Peritoneal metastasis in gastric cancer is associated with rapid disease progression. Hyperthermic intraoperative peritoneal chemotherapy (HIPEC) done immediately after cytoreductive surgery (CRS) has become an important treatment for peritoneal metastasis in gastric cancer patients. However, different treatment options for HIPEC exist with potential influence on survival rates and prognosis in patients, exist. These treatment options include open or closed abdomen technique, perfusion solution, number of catheters, temperature, duration, and drug regimens. This paper aims to provide more evidence on standardization of HIPEC treatment options and technologies by systematically reviewing different drug regimens and technical approaches. The study included 2 randomized controlled trials, 3 phase I/II clinical trials, 2 prospective cohort studies, and 34 retrospective cohort studies, involving 1511 patients. The most common HIPEC option is to dissolve 50-75 mg/m of Cisplatin and 30-40 mg/m of Mitomycin C in 3-4 L saline solution at 42-43℃. After gastrointestinal anastomosis, 2-3 catheters are used in the HIPEC system with a perfusion flow rate of 500 ml/min.
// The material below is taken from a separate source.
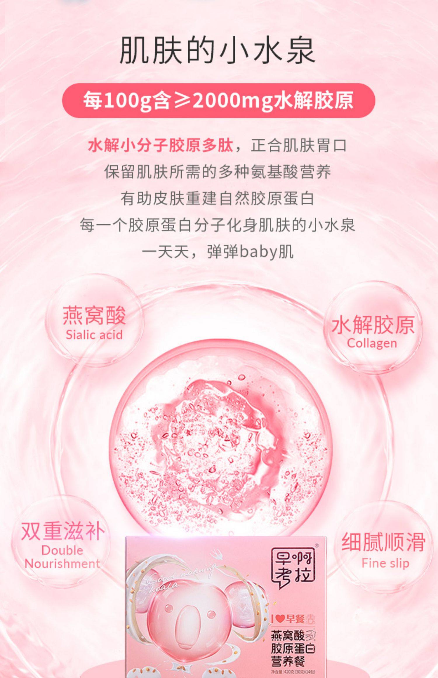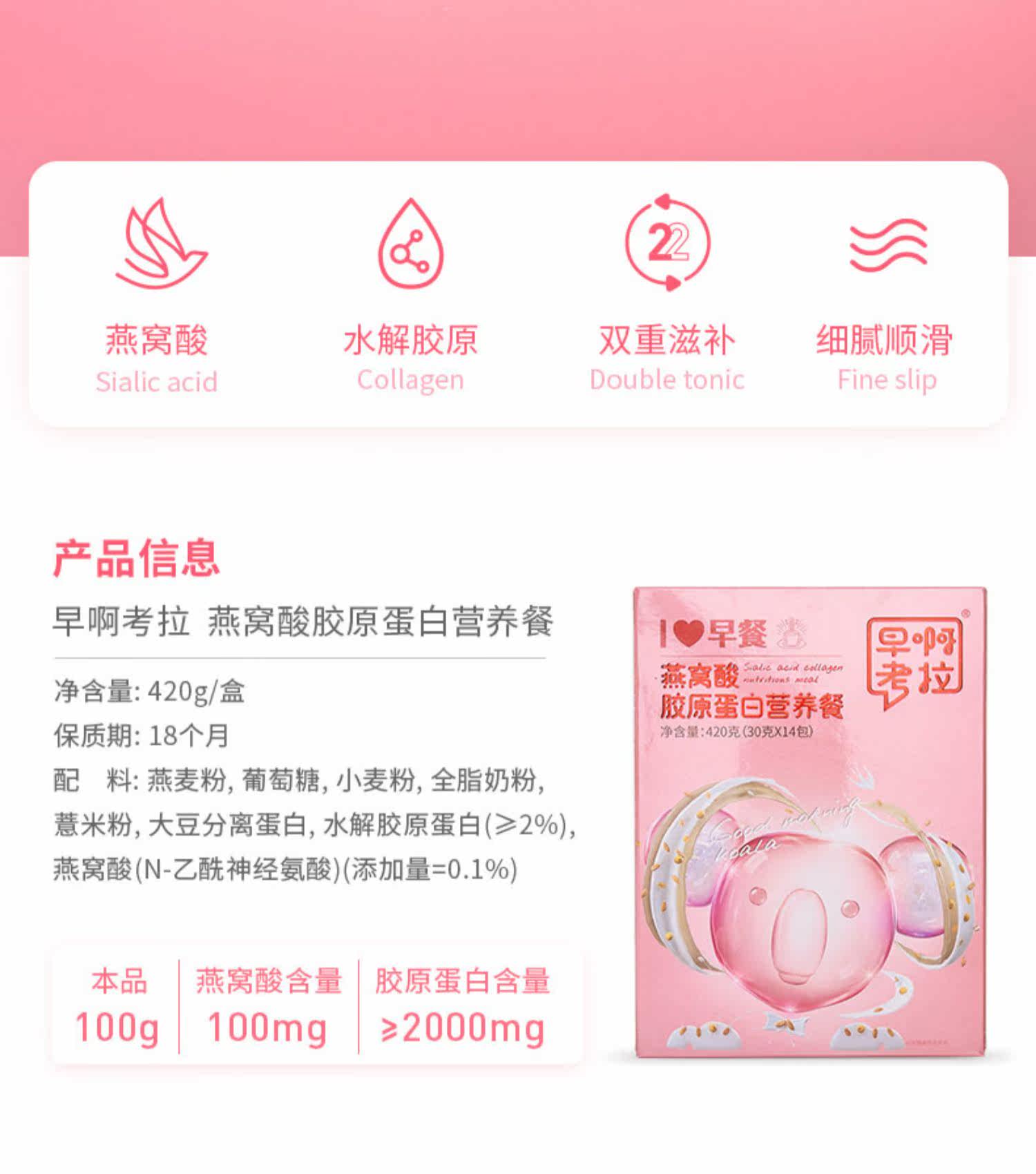 燕窝酸、水解胶原蛋白肽,营养早餐,双重滋补,细腻顺滑,喝出弹润Baby肌的早餐,多元搭配,每100g含100mg燕窝酸,不含蔗糖!

The duration is 60-90 minutes. Anastomotic leakage was low in studies where HIPEC was performed after gastrointestinal anastomosis. The utilization of open HIPEC and a two-drug regimen resulted in improved overall survival rates. The future development of HIPEC aims to enhance tumor-specific therapy by optimizing various aspects, such as identifying the safest and most effective chemotherapy regimens, refining patient selection criteria, and improving perioperative care.

摘要

胃癌腹膜转移与疾病快速进展相关。在肿瘤细胞减灭术(CRS)后立即进行的术中热灌注化疗(HIPEC)已成为胃癌腹膜转移患者的重要治疗方法。然而,HIPEC存在不同的治疗选择,可能会对患者的生存率和预后产生影响。这些治疗选择包括开腹或关腹技术、灌注液、导管数量、温度、持续时间和药物方案。本文旨在通过系统回顾不同的药物方案和技术方法,为HIPEC治疗选择和技术的标准化提供更多证据。该研究纳入了2项随机对照试验、3项I/II期临床试验、2项前瞻性队列研究和34项回顾性队列研究,涉及1511例患者。最常见的HIPEC方案是在3-4升盐溶液中,于42-43℃溶解50-75mg/m的顺铂和30-40mg/m的丝裂霉素C。胃肠吻合术后,在HIPEC系统中使用2-3根导管,灌注流速为500ml/min。持续时间为60-90分钟。在胃肠吻合术后进行HIPEC的研究中,吻合口漏发生率较低。采用开放式HIPEC和两药方案可提高总生存率。HIPEC的未来发展旨在通过优化各个方面来加强肿瘤特异性治疗,如确定最安全、最有效的化疗方案、完善患者选择标准以及改善围手术期护理。